Israel must be punished for these crimes and serious measures must be taken to stop it from committing further ones, he added.
Gen. Akram Rajoub, governor of Jenin, said that Israelis are aiming to re-establish total control over the West Bank, from its people to its land and resources.
He told Arab News that the near-daily Israeli military incursions into Jenin are unjustified, as there was no security threat against Israeli citizens present there.
Maj. Gen. (retired) Adnan Al-Damiri, a former spokesman for the Palestinian security services, told Arab News that Israel considers the West Bank a security threat against its 700,000 soldiers and settlers who are spread throughout the territory.
“Israel’s aim — through its recent unprecedented military escalation in the West Bank — is to pressure President Mahmoud Abbas to sit down with Israeli leaders for negotiations in which the Palestinians will receive services, not political rights,” he said.
Al-Damiri added that Israel had reoccupied the West Bank since 2002, and nothing remains of the Oslo Accords except for the services provided by the Israeli Civil Administration to Palestinians. All political clauses have been canceled, he said.
He also said that Israeli policy in the West Bank “is based on imposing a fait accompli by strengthening settlements and expanding military incursions into Palestinian cities under the justification that Palestinian security services are unable or unwilling to arrest resistance fighters.”
Israelis “only want Palestinian security services to fight their people for the sake of Israel, and this is difficult to accept,” Al-Damiri said, adding: “If the Israeli army stops killing Palestinians, then it will not be called an army, and it will become idle.”
The West Bank is the only front on which Israel can claim that it is achieving victories compared to the fronts in Gaza, Lebanon and Iran, he said.
Palestinians claim that Israeli Prime Minister Benjamin Netanyahu’s coalition government has become hostage to two right-wing ministers — Itamar Ben-Gvir and Bezalel Smotrich.
“Netanyahu is the one who works for Ben-Gvir and Smotrich, not the other way around, and the Palestinian Authority currently only has diplomatic means to confront the dangers of the right-wing Israeli government,” Al-Damiri told Arab News.
In another development, a leading Palestinian insurance company has announced an exceptional insurance policy — the first of its kind — to cover material damages caused by settlers or the army against Palestinian vehicles. The annual policy cost is $140.
The move follows a recent significant increase in attacks by settlers and the Israeli army on Palestinian vehicles while traveling on streets connecting the cities of the West Bank.

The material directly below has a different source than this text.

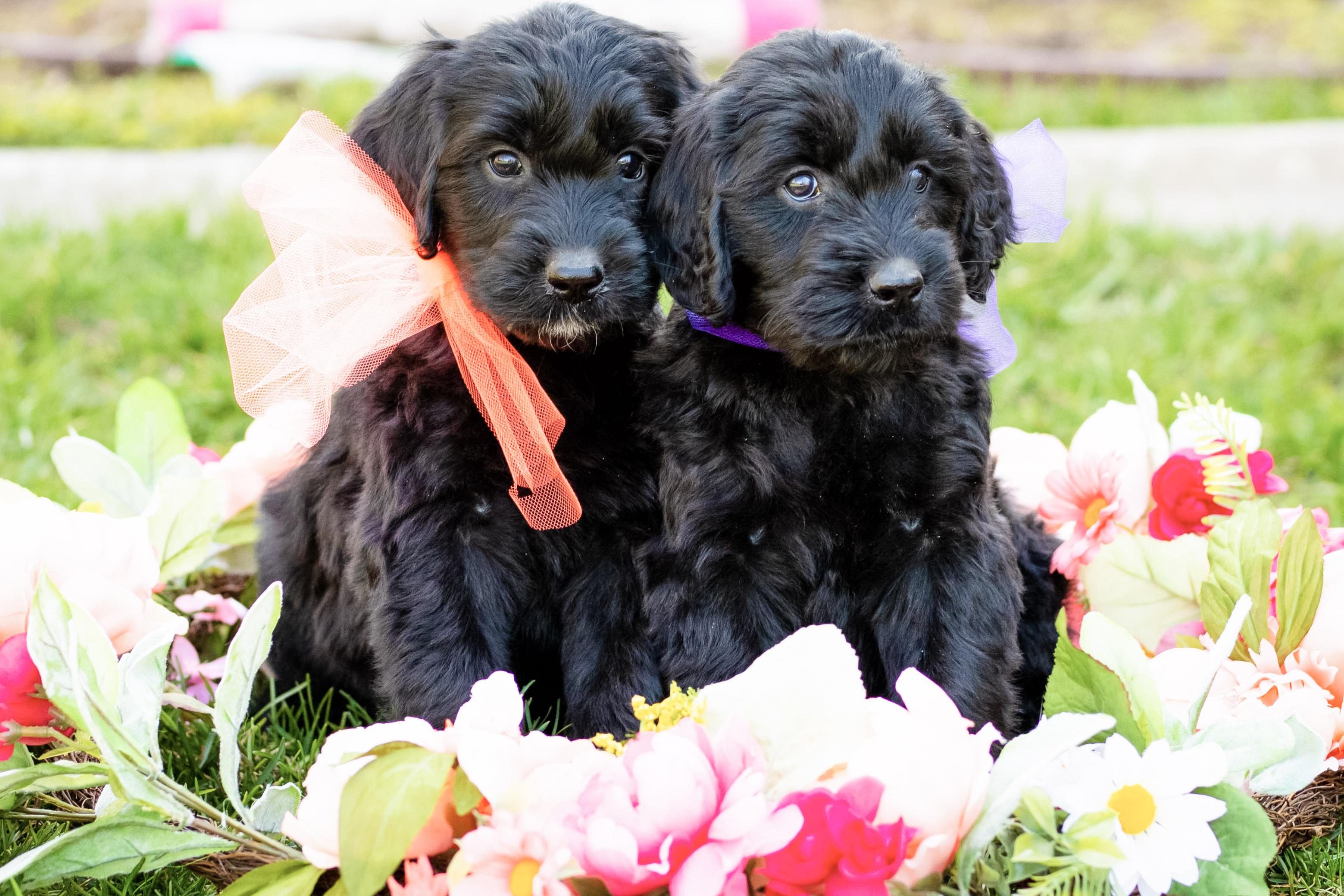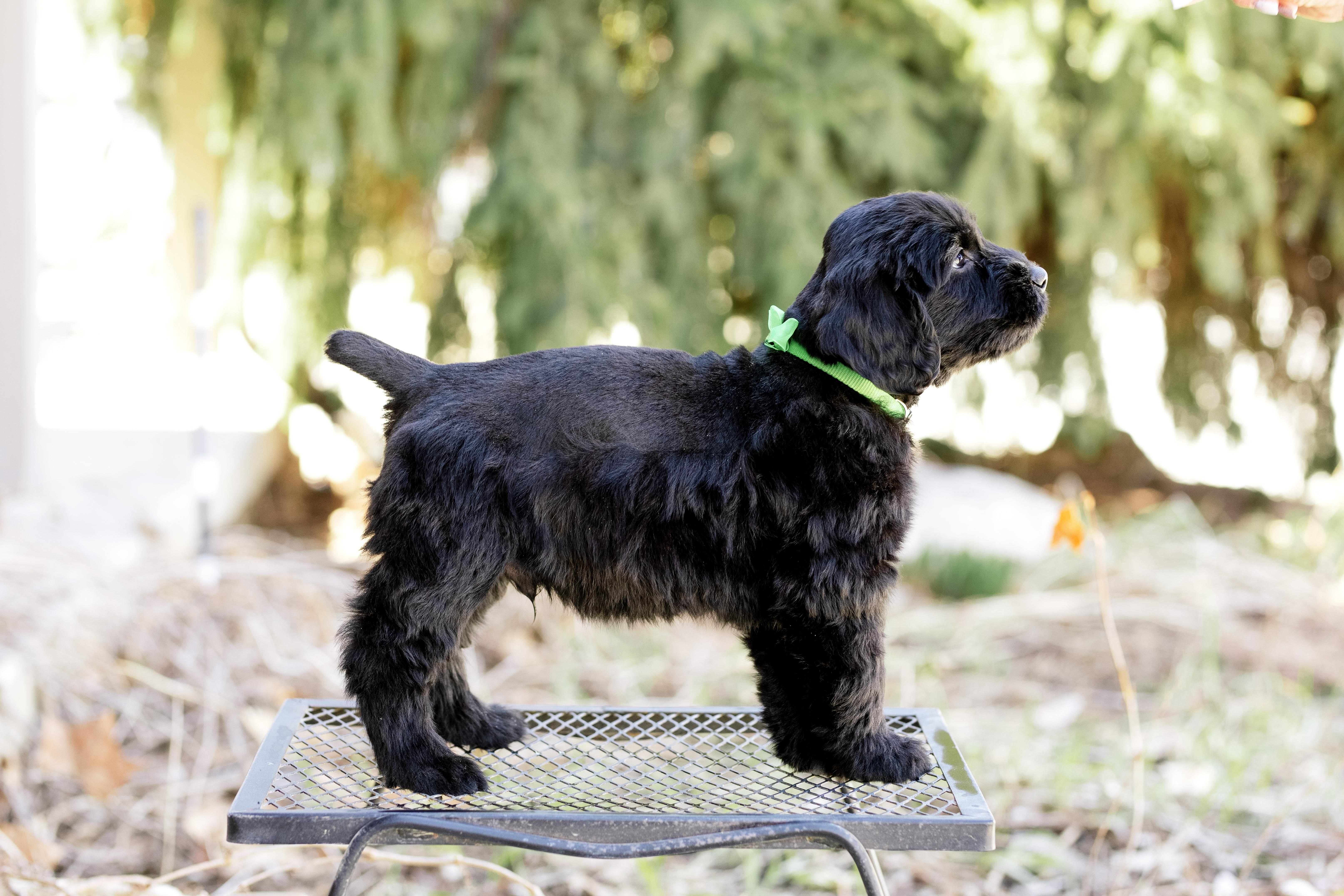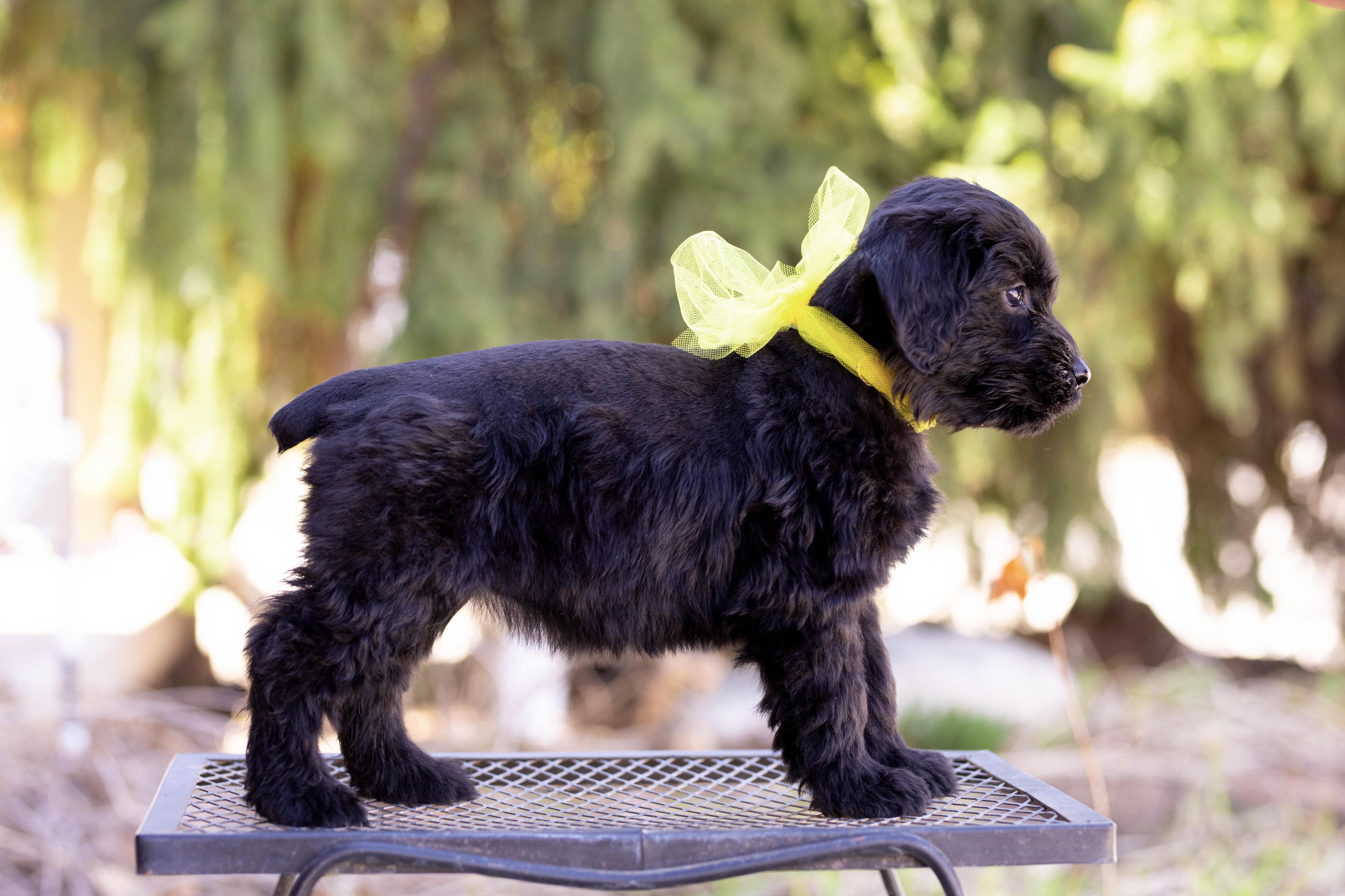 Our West Highland White Terrier puppies are white. Giant Schnauzer puppies include pepper and salt and black. Colors will vary depending on the parent dogs.

Settlers and the army have smashed the windows of dozens of Palestinian vehicles passing through the main streets of the West Bank and burned other cars in the town of Hawara, near Nablus.
Bashar Hussein, general manager of the National Insurance Co., said that the insurance is “compensation against settler attacks and military actions.”
The aim of the service is not to profit, he said, but rather to provide a means to redress the damage and stand by Palestinians.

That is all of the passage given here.